Another boring blog.
My dad made me cry this morning.. he was up till 2am with me talking whilst i was finishing off some work. Then up earlier than me to make breakfast for the boys. I dropped them off at school came back and there he was holding a plate of toast and omlette for me. As we sat down talking about the role of fathers. He narrated to me the love Muhammad saas had for his grandchildren. How he would play with them even in Salah they’d be on his back. I couldn’t even look at my dad as all I could see was how he plays lightsaber wars with Xav… how he sits and listens to him read the Quran ….. how he cooks and feeds xav chicken daily as he refuses to eat anything else … how he speaks to hani with such compassion that I as a mother missed the boat on that one. He is just an amazing role model to them. The best as decreed by the best of Planners.
Getting away is always a good thing.
Too often in the humdrum of life I loose the bigger picture. What is the bigger picture I ask sat outside the box. My purpose … the million dirham question.

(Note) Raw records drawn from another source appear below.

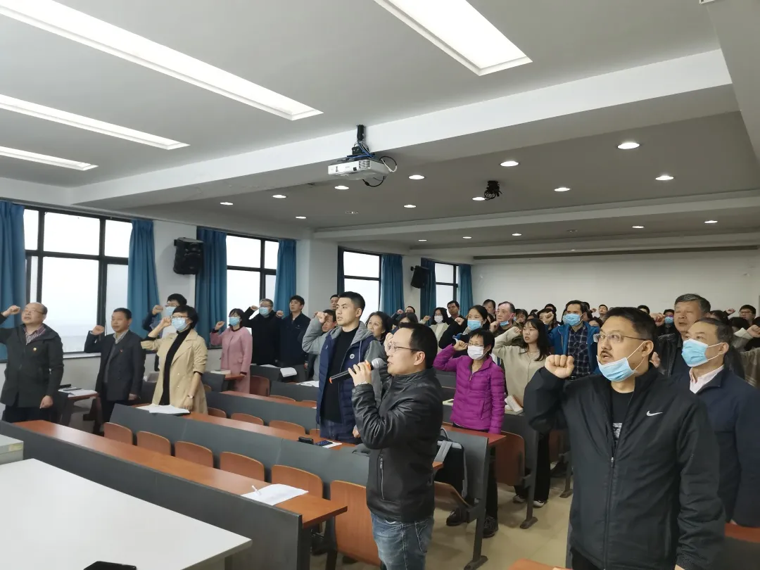 会议第四项,在学院物理教工支部书记俞云伟的领誓下,各位党员重温入党誓词,再次接受了心灵的洗礼,牢记作为共产党员的政治责任、工作担当和光荣使命。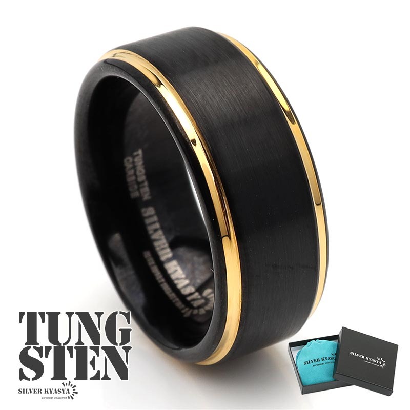 - (14号) 超硬 タングステン リング 指輪 マット 艶消し ブラック 黒 金 ゴールドライン リング BOX付属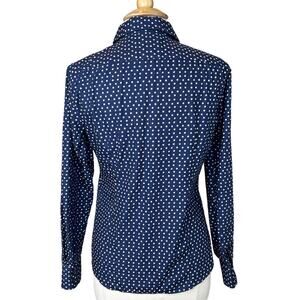 Lands' End Womens Navy Polka Dot No-Iron Supima Cotton Button-Up Shirt 10

That was his message to me. Broke my heart. Yet I know he will soon run off to his bedroom kitted out with all the latest gear and be happy & safe in his world.
Xavier: one day I will ask you please don’t go and you will say I have to go.

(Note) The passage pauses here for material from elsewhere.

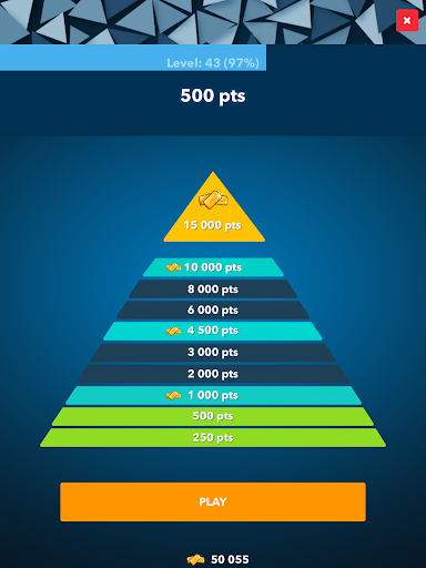 Pyramid Quiz it's such an addictive game, that you'll want to play anytime, anywhere! Statistics and rankings help you to track your performance to challenge yourself to become better and better! Have fun!

I offered my salah before my cousin arrives for the drive down to London … I can feel it as I stand in front of him… Tears
I try to control it so the boys don’t realise …. I fail.
Quickly trying to disguise my anxiety I ask the eldest “go get the surprise gift for your brother.”
Trying to distract him from the fact I’m about to walk out of the front door.
Hani can’t decide whether to drive down with us to London or not..
I’m sure glad he did… I feel a sense of security and pride with my new home grown ‘Mahram’ and what a fine one he is indeed.